PreProd : AutoML made simple

AutoML Hackathon

Team PipeDreamers

[!NOTE] Objective

Receive file inputs from users.
Perform data cleaning and preprocessing.
Format data for various machine learning classification algorithms.
Pass necessary parameters to train data
Ensuring scalability, reliability, and efficiency in data handling.

Project Plan

1. Architecture

The system is designed using a micro-services architecture to ensure modularity, scalability, and ease of maintenance. The architecture is composed of the following components:

![[Screenshot 2024-08-02 at 9.37.19 AM.png]]

Frontend (Next.js)

Description: The frontend is developed using Next.js, a React-based framework. It provides a user-friendly interface for users to upload files and view the processing status.
Features:
- File upload functionality
- Status dashboard for tracking the data processing pipeline
- User authentication and session management
- Parameters to train model

Backend Services

File Upload and Management

Description: This microservice handles the ingestion of files uploaded by users. It stores the files temporarily and initiates the data processing pipeline.
Technologies: JavaScript
Responsibilities:
- Receive and validate file uploads
- Store files in a temporary location on Google Cloud Storage
- Adds files metadata in Mongo DB
- Adds new event to RabbitMQ queue

Data Cleaning and Preprocessing (Python)

Description: This service is responsible for cleaning and preprocessing the uploaded data.
Technologies: Python, Pandas, NumPy, Scikit-Learn
Responsibilities:
- Detect and handle missing values
- Normalise and standardise data
- Convert categorical data into numerical formats (one-hot encoding, label encoding)
- Handle data anomalies and inconsistencies

Machine Learning Preprocessing (Python)

Description: This service formats the cleaned data into trainable formats for various machine learning algorithms.
Technologies: Python, scikit-learn
Responsibilities:
- Split data into training and testing sets
- Scale and transform data as required by specific algorithms
- Train various ML models on the uploaded dataset
- Save the trained models in pickled file formats

Data Storage (MongoDB, Google Cloud Storage)

Description: MongoDB is used as the primary database for storing metadata about the files and their processing status.
Responsibilities:
- Store user information and authentication data
- Track file upload and processing status
- MongoDB stores files metadata.
- GCS stores uploaded datasets

Message Queue (RabbitMQ)

Description: RabbitMQ is utilised for asynchronous communication between microservices.
Responsibilities:
- Queue messages for file processing tasks
- Ensure reliable delivery of tasks to the appropriate microservices
- Enable scalability by distributing workloads among multiple instances of processing services

2. Skill Matrix

skills	Manomay	Sudhith	Pranav	Jaiyank
Front end			✔️
Backend	✔️
AI/ML		✔️		✔️
Documentation			✔️

3. Timeline

To tackle the project efficiently, the team divided the work into two parallel streams: Web Development and Backend Development using Python.

Day 1

TL;DR The first day focused on groundwork for both the frontend and backend systems.

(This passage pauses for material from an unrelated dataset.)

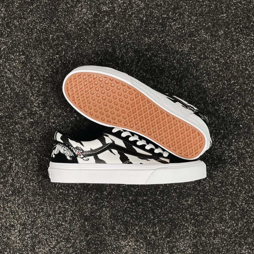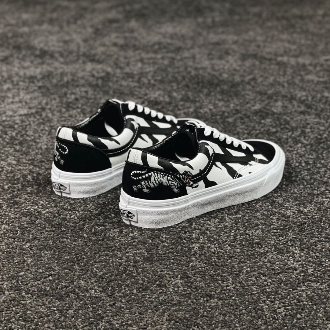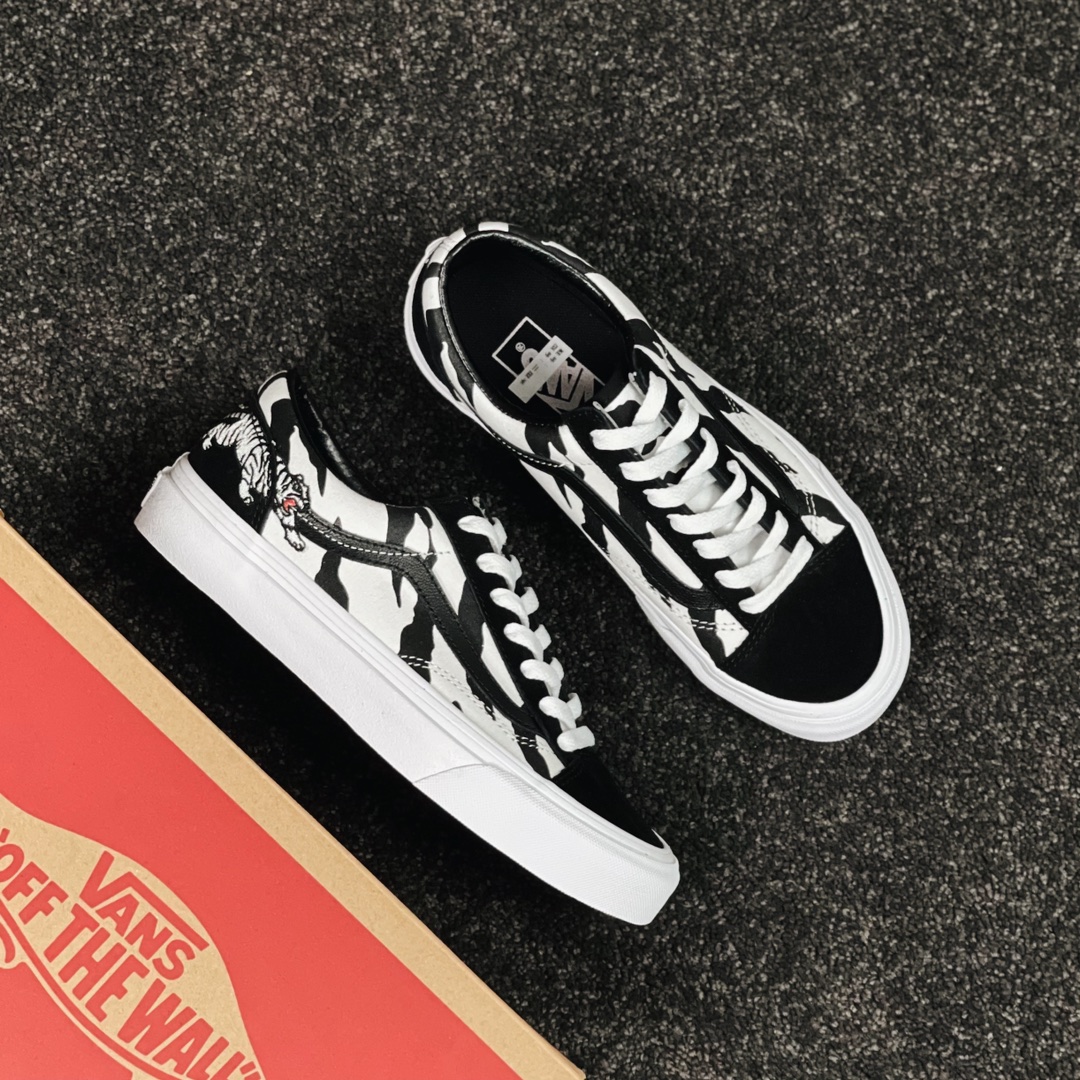 G0 Vans Style 36 黑白老虎刺绣VANS将2022壬寅年虎年元素与经典棋盘格元加以变幻并运用至经典鞋型,推出虎年限定系列。Style 36该系列彩用具有新年代表性,后跟和鞋身电锈老虎图案,鞋身印有人气豹纹印花以及棋盘格爱心印花三组合鞋款凸显设计主题以交叉重叠呈现出炸眼的视觉效果。
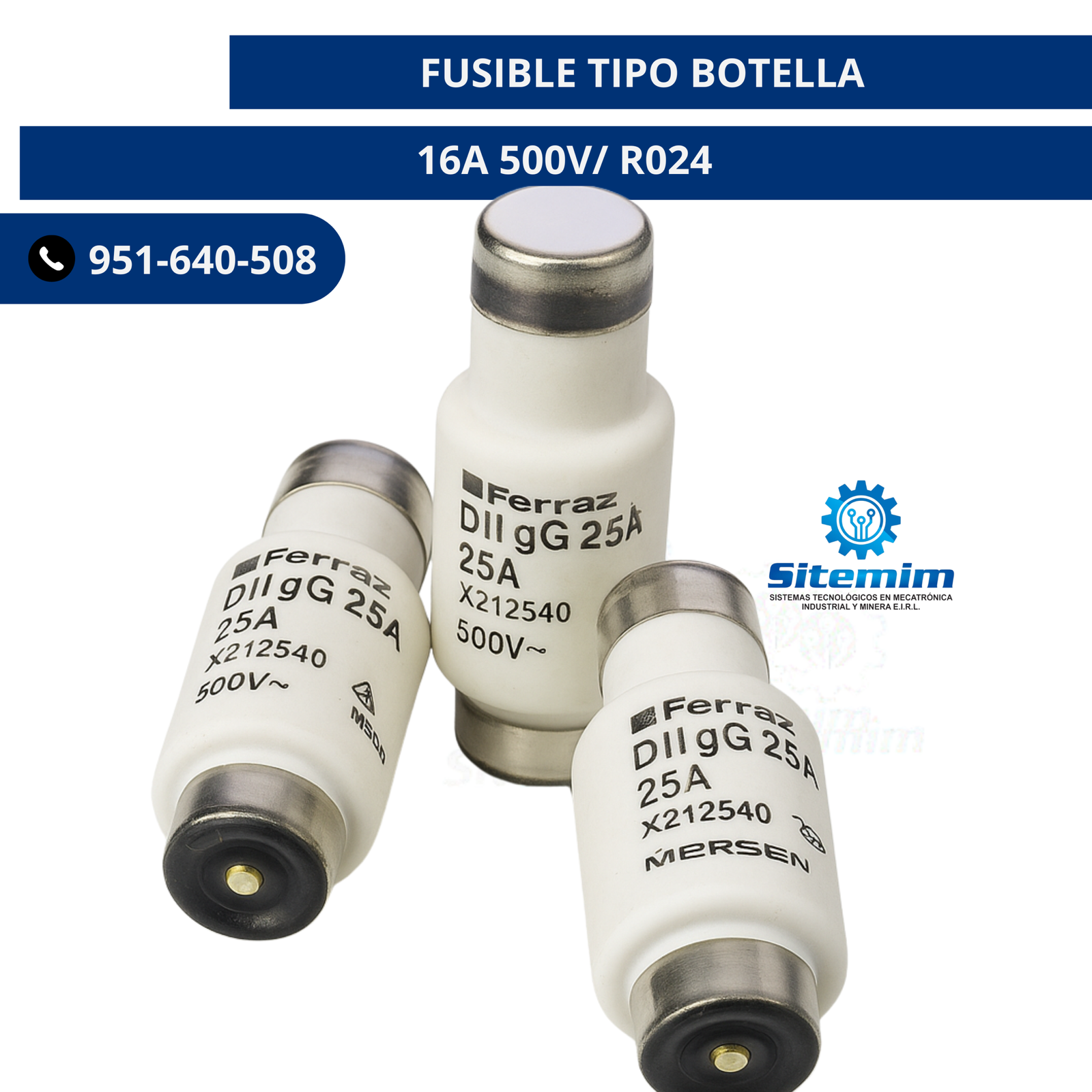 Fusible Tipo Botella R024 16A 500V | Protección Segura en Instalaciones Industriales

The web development efforts concentrated on building a functional user interface, while backend work established essential data processing and machine learning capabilities.

Web Development: Day 1

Tasks and Progress:

Authentication/Login Page:
- Goal: Implement a secure login system to manage user access.
- Implementation:
  - Built using Next.js and integrated with a user authentication service.
  - Implemented secure token-based authentication to ensure user data privacy.
  - Developed a responsive design to ensure usability across various devices.
Dashboard for File Upload:
- Goal: Provide a user-friendly interface for uploading data files.
- Implementation:
  - Designed and developed a dashboard interface with Next.js.
  - Added functionality to allow users to upload files easily.
  - Provided a section for users to view the status of their uploaded files and processing.
Backend Connection:
- Goal: Connect the frontend to the backend services for data storage and processing.
- Implementation:
  - Established an API to communicate between the frontend and the backend.
  - Implemented a system to store metadata (such as file names) in MongoDB.
  - Configured Google Cloud Storage to securely store the uploaded files.

Python Backend Development: Day 1

Tasks and Progress:

Preprocessor Functionality:
- Goal: Develop a module for data cleaning and preparation.
- Implementation:
  - Created a Python script using Pandas and NumPy to handle missing values, normalise data, and perform other preprocessing tasks.
  - Established a modular design to easily extend the preprocessing capabilities as needed.
Machine Learning Algorithms:
- Goal: Implement initial models for training.
- Implementation:
  - Developed functions for training Support Vector Machine (SVM) and Random Forest classifiers.
  - Utilised scikit-learn for model training and evaluation.
  - Ensured that the models could take the preprocessed data and output trained models ready for deployment.

Day2

TL;DR On Day 2, our team made significant progress in various aspects of the project, focusing on UI development, frontend implementation, model training, data preprocessing, integrating a new machine learning model, and setting up communication between micro-services. Additionally, we containerised the application for improved deployment and scalability.

1. UI Development

Objective: Enhance the user interface for better user experience and functionality.
Tasks Completed:
- Designed and implemented key UI components based on the project specifications.
- Improved the responsiveness and aesthetics of the application, ensuring it works seamlessly across different devices and screen sizes.
- Added interactive elements and navigation features to improve user interaction.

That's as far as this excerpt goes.